### ASSIGNMENT
Your output should be the lines below from the one with "viewership for vtubers" through the one with "Learn how to", copied exactly, pictures excluded.

### LISTED ENTRIES
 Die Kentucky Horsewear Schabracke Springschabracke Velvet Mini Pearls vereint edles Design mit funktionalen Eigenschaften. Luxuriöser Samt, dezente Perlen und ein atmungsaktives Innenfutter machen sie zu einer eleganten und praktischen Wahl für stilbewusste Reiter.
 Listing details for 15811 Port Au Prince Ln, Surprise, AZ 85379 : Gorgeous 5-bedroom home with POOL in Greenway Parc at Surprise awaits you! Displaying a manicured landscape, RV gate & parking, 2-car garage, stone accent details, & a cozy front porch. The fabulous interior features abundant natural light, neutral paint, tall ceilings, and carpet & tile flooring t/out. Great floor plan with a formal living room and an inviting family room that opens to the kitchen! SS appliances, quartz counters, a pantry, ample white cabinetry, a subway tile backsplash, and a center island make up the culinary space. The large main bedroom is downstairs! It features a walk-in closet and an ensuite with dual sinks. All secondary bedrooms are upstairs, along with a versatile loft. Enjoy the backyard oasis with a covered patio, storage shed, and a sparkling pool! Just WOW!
--
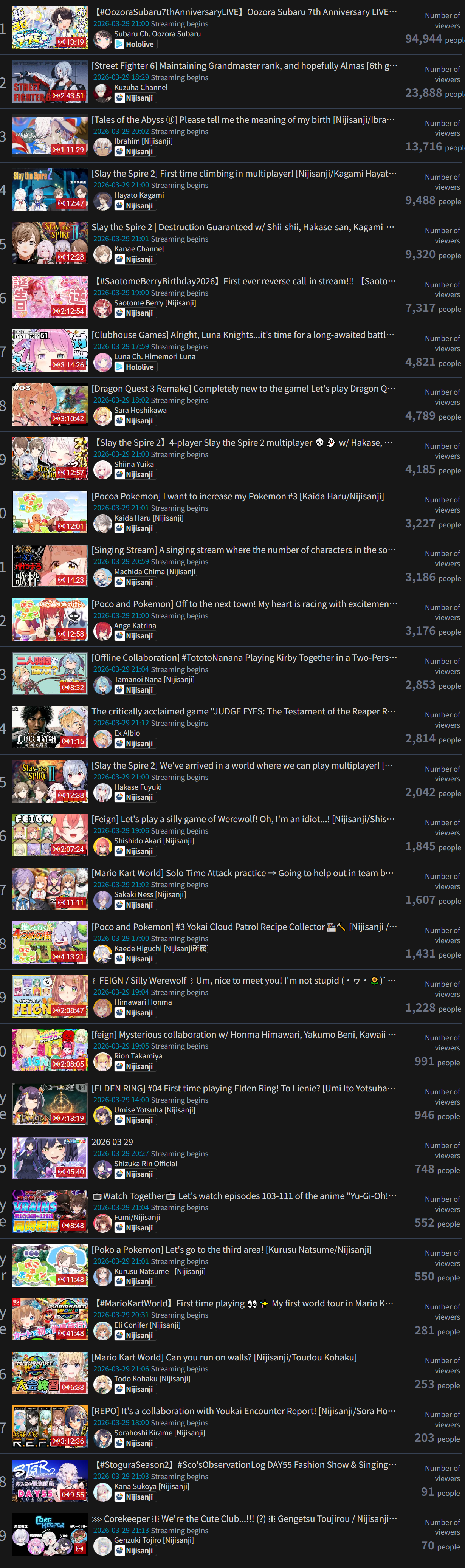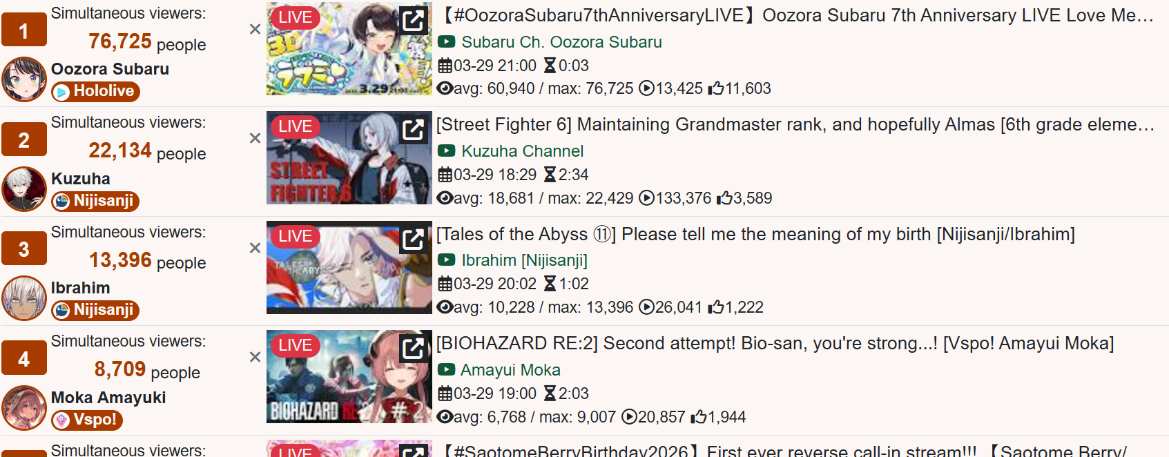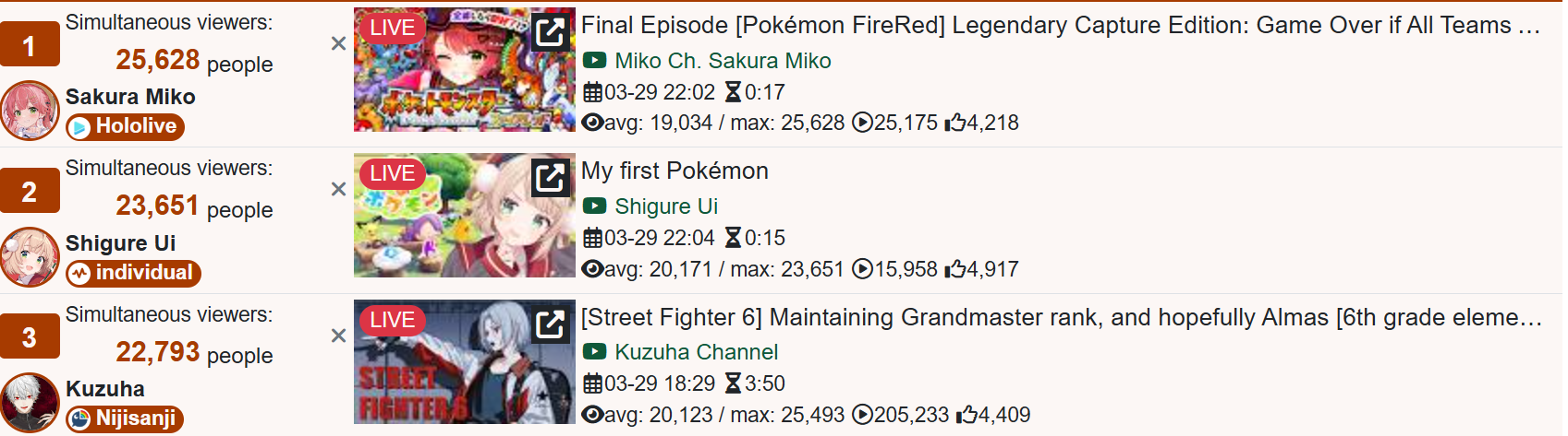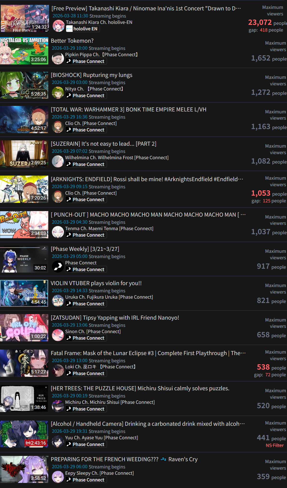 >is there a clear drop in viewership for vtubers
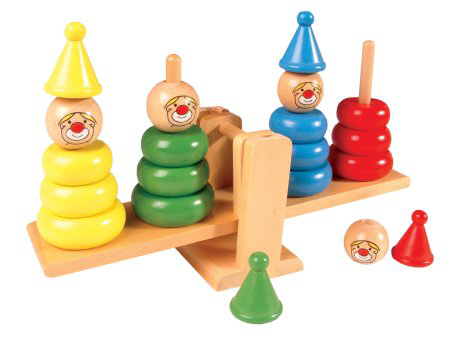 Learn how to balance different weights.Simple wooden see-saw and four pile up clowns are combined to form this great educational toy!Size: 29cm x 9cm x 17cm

### WRITTEN RESPONSE
 >is there a clear drop in viewership for vtubers
 Learn how to balance different weights.Simple wooden see-saw and four pile up clowns are combined to form this great educational toy!Size: 29cm x 9cm x 17cm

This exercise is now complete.